Si le Rémois Nicolas Gassmann connaît Vivien de Nazelle, c'est que ce dernier est d'origine champenoise. Cabidos était une propriété familiale du côté maternel, habitée surtout lors des vacances scolaires. Avant la révolution, la vigne colonisait les coteaux du village, mais le départ des moines a sonné le déclin. Les villageois ont récupéré les parcelles, mais ne possédaient pas le même savoir-faire. Et rapidement les céréales et les pâturages ont repris leurs droits. En 1992, l'un des fermiers du domaine propose à la mère de Vivien de Nazelle le droit de plantation d'une vieille vigne qu'il veut arracher. Elle accepte, et les vingt premiers ares sont alors plantés sur le coteau jouxtant le château.
La vigne a l'air de s'y plaire. Du coup, à partir de 1997, son fils commence à agrandir le vignoble qui progressivement atteint 8 hectares. Le local Petit Manseng est privilégié (80% de l'encépagement), mais s'y côtoient aussi Sauvignon, Chardonnay et Syrah (30 ares de cette dernière).
La région se prête aux vins liquoreux : ils constituent la moitié de la production du domaine. Mais celui-ci produit aussi quelques blancs secs, et selon les millésimes un rosé ou un rouge.

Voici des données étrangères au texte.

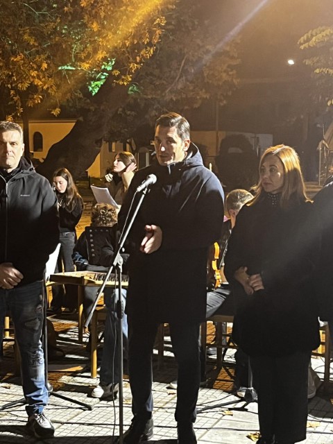 Τα παιδιά έψαλαν τα κάλαντα μαζί με τη χορωδία του Μουσικού Σχολείου Τρικάλων και τη διευθύντριά του Γεωργία Κολοβελώνη. Ο πρόεδρος της “Αστικής Ανάπτυξης” Γιώργος Ζιώγας, κάτοικος του οικισμού, ευχήθηκε καλές γιορτές σε όλους, όπως και η εκλεγμένη δημοτική σύμβουλος Βίβιαν Τέγου-Καρακούση και ο εκλεγμένος περιφερειακός σύμβουλος Σάκης Ξάφος. Όλοι απένειμαν τα εύσημα στους προέδρους των δυο συλλόγων Βαγγέλη Ντάνα και Ευγενία Νταϊλιάνη. Ακολούθησαν κεράσματα και τραγούδια.

L'avantage d'une petite structure, c'est de pouvoir faire des petits lots. Les cuves que vous voyez sont les modèles standard du domaine. Le domaine possède deux chambres climatisées qui servent de cuviers et permettent de réguler les températures selon les besoins (2° avant les fermentations, 17-18° durant celles-ci). Un petit pressoir pneumatique complète le matériel.
Après fermentation, l'élevage se fait principalement en barriques. A ce moment précis, il convient de parler d'un intervenant essentiel dans l'élaboration des vins du domaine : Jean-Michel Novelle, un vigneron suisse aimant bousculer les traditions, et excelle particulièrement dans les assemblages.
Parler de tout cela donne soif.
Aussi avons-nous consacré l'heure et demi suivante à déguster....
Chardonnay sec 2007 (VdP du Comté Tolosan) : robe or pâle aux reflets verts. Nez fin, élégant, sur la noisette grillée, la pêche jaune, le beurre... Bouche d'une belle ampleur, avec une matière onctueuse, gourmande, soutenue par une fine acidité coupée au laser qui étire le vin jusqu'à une finale savoureuse, expressive, sur la pomme et la noix fraîches. Déjà ce premier vin me sidère par son équilibre entre richesse et finesse (11 € la bouteille).
Sauvignon sec 2007 (VdP du Comté Tolosan, issu d'une vigne à 9.000 pieds/ha) : robe or pâle, brillante. Nez très frais, sur le fruit de la passion, le pomelo et une touche de bourgeon de cassis (juste ce qu'il faut). Bouche plus ample encore que le vin précédent, plus tendue aussi, avec une sensation cristalline. Puis, en gardant le vin en bouche, un beau gras s'installe, sans lourdeur aucune. La finale est très fraîche, avec une délicieuse astringence et des notes mentholées. Alors que je pensais avoir bu tout ce qui se faisait de bon en Sauvignon, ce vin m'a bluffé par sa pureté, son élégance, son expressivité (11 € la bouteille).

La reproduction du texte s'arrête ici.